Multi-Person 3D Pose Estimation from Multi-View Uncalibrated Depth Cameras

Yu-Jhe Li,Yan Xu,Rawal Khirodkar,Jinhyung Park,Kris Kitani
2024-01-28
Abstract:We tackle the task of multi-view, multi-person 3D human pose estimation from a limited number of uncalibrated depth cameras. Recently, many approaches have been proposed for 3D human pose estimation from multi-view RGB cameras. However, these works (1) assume the number of RGB camera views is large enough for 3D reconstruction, (2) the cameras are calibrated, and (3) rely on ground truth 3D poses for training their regression model. In this work, we propose to leverage sparse, uncalibrated depth cameras providing RGBD video streams for 3D human pose estimation. We present a simple pipeline for Multi-View Depth Human Pose Estimation (MVD-HPE) for jointly predicting the camera poses and 3D human poses without training a deep 3D human pose regression model. This framework utilizes 3D Re-ID appearance features from RGBD images to formulate more accurate correspondences (for deriving camera positions) compared to using RGB-only features. We further propose (1) depth-guided camera-pose estimation by leveraging 3D rigid transformations as guidance and (2) depth-constrained 3D human pose estimation by utilizing depth-projected 3D points as an alternative objective for optimization. In order to evaluate our proposed pipeline, we collect three video sets of RGBD videos recorded from multiple sparse-view depth cameras and ground truth 3D poses are manually annotated. Experiments show that our proposed method outperforms the current 3D human pose regression-free pipelines in terms of both camera pose estimation and 3D human pose estimation.
Computer Vision and Pattern Recognition
What problem does this paper attempt to address?

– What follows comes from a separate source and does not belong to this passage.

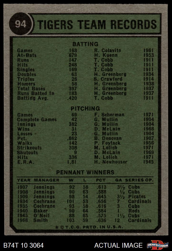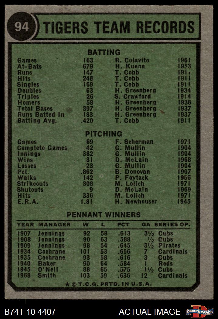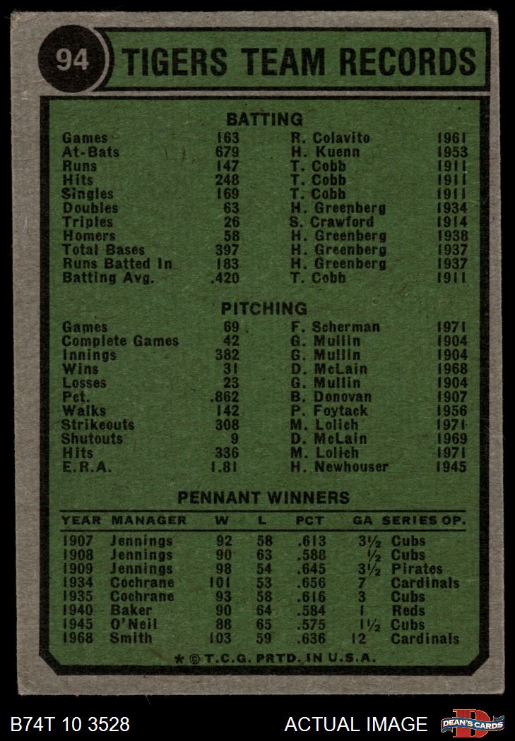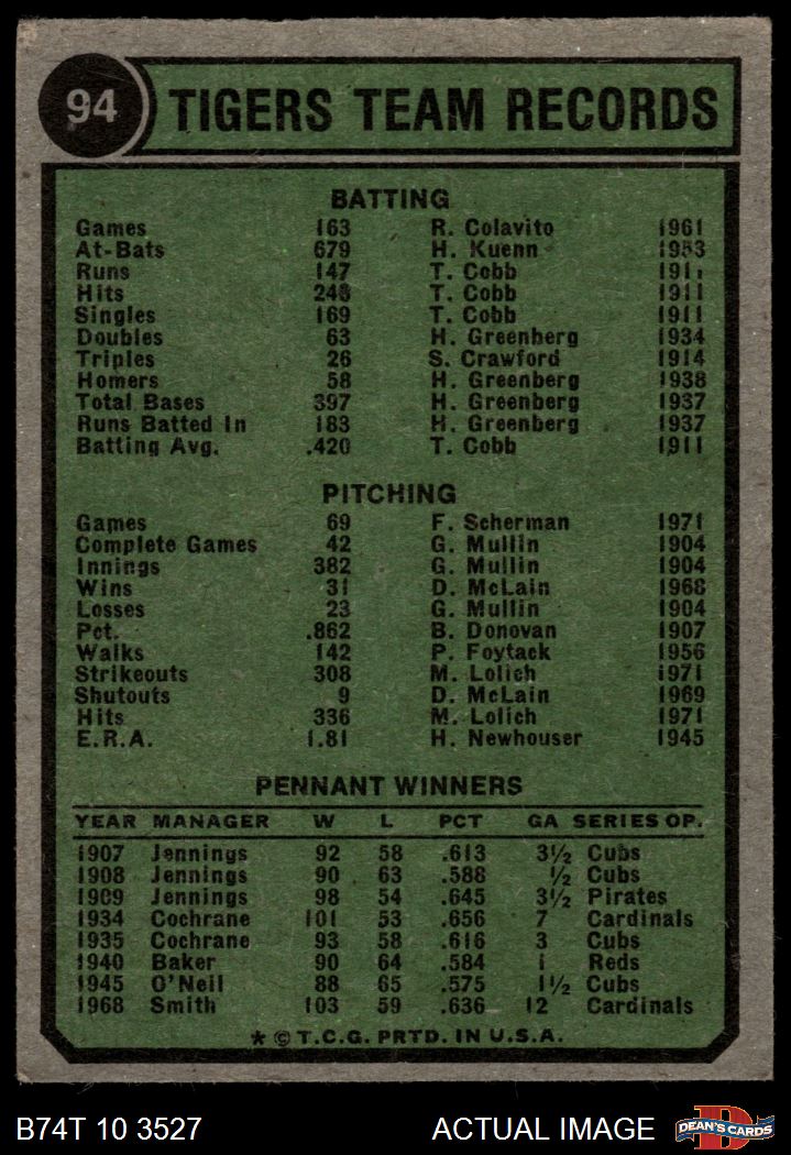 1974 Topps #94 Tigers Team

### What problem does this paper attempt to solve? This paper aims to address the problem of multi-view, multi-person 3D human pose estimation, particularly using a small number of uncalibrated depth cameras. Specifically, existing methods have the following limitations: 1. Assume a sufficient number of RGB cameras for 3D reconstruction. 2. Assume cameras are already calibrated. 3. Require real 3D pose data to train regression models. To solve these issues, the authors propose a new method—Multi-View Depth Human Pose Estimation (MVD-HPE), which does not require training a complex 3D human pose regression model. By using depth information from RGBD images, MVD-HPE can more accurately establish cross-view correspondences and simultaneously predict both camera poses and 3D human poses. ### Main Contributions 1. **Propose a simple regression-free method**: MVD-HPE uses a small number of uncalibrated depth cameras for 3D human pose estimation. 2. **Introduce a depth-guided minimization objective**: For more accurate estimation of camera poses. 3. **Introduce a depth-constrained triangulation algorithm**: For accurate human pose reconstruction using constraints from 3D point clouds. 4. **Experimental validation**: Demonstrates the superior performance of MVD-HPE in camera pose estimation and 3D human pose estimation on collected datasets.